**Data supplied**
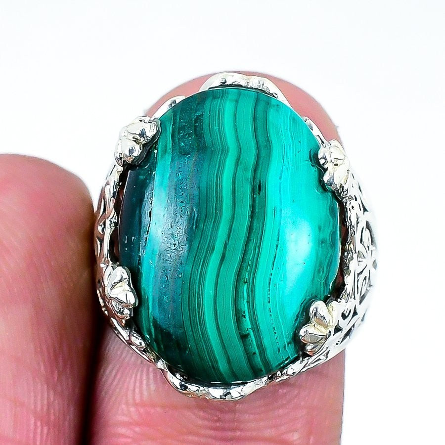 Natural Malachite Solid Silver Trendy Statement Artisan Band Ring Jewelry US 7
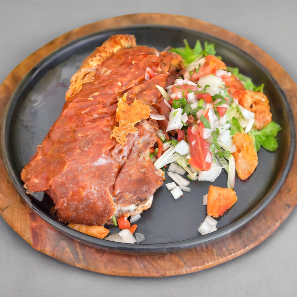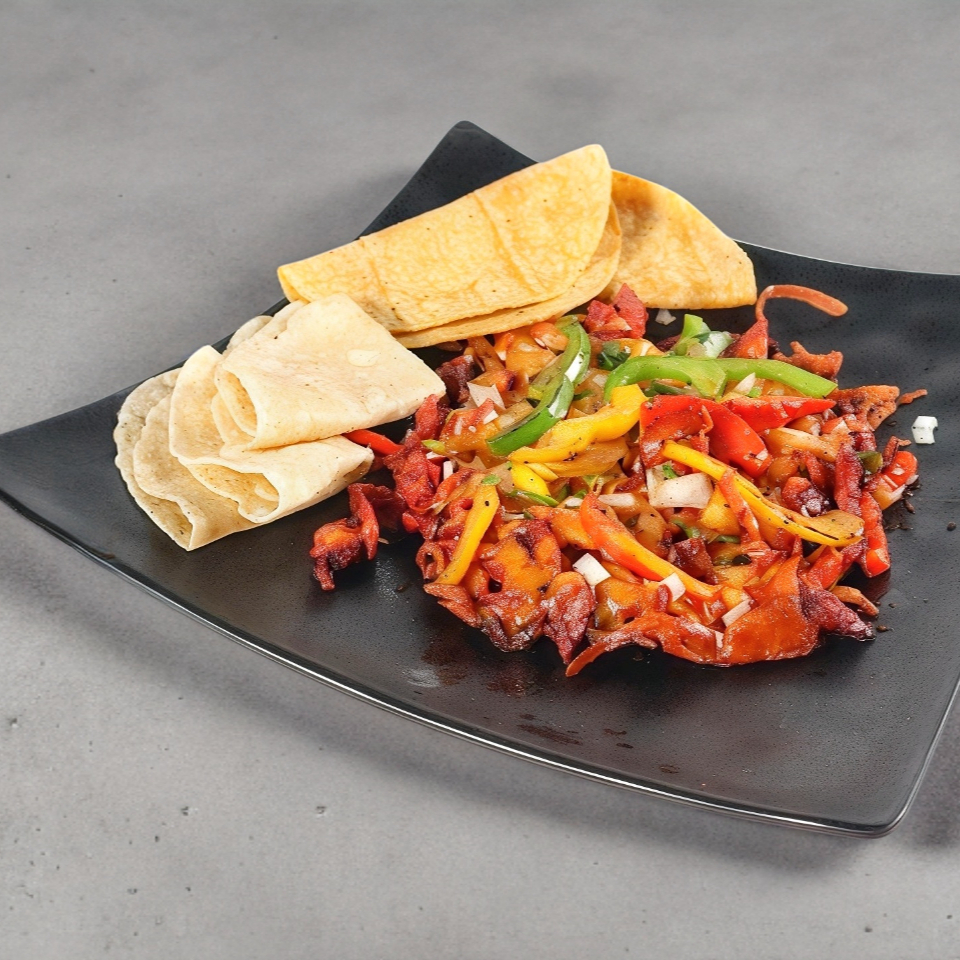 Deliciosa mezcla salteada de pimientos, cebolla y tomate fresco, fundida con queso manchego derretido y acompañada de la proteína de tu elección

---

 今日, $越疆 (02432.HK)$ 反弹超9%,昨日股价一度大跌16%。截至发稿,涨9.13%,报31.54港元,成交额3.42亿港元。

--

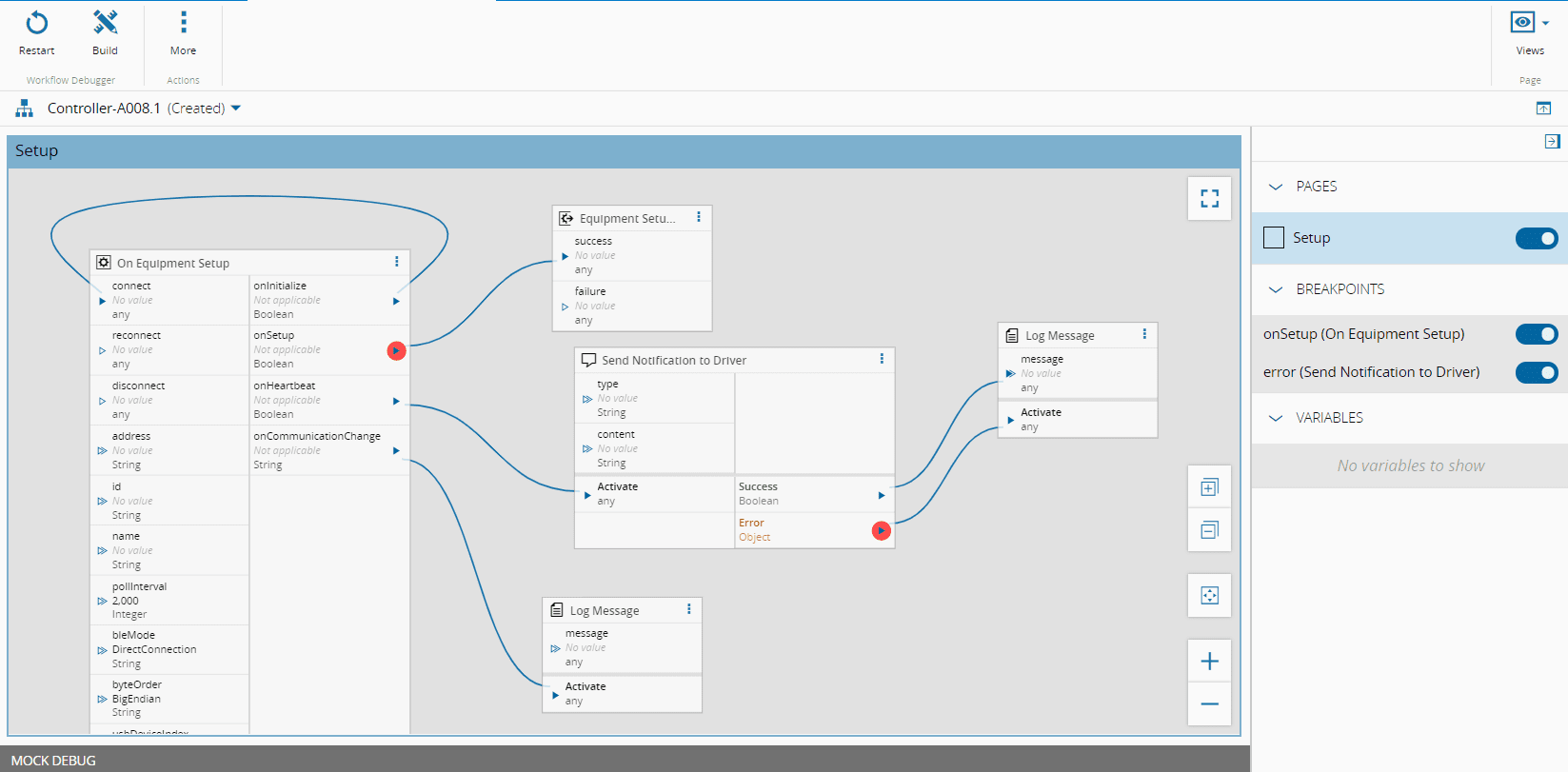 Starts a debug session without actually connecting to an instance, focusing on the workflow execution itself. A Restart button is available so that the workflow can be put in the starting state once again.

**Your goal**
The reply should hold exactly the lines above, starting at the line with "Natural Malachite Solid" and ending at the line with "Deliciosa mezcla salteada", and no pictures.

**Result for this exercise**
 Natural Malachite Solid Silver Trendy Statement Artisan Band Ring Jewelry US 7
 Deliciosa mezcla salteada de pimientos, cebolla y tomate fresco, fundida con queso manchego derretido y acompañada de la proteína de tu elección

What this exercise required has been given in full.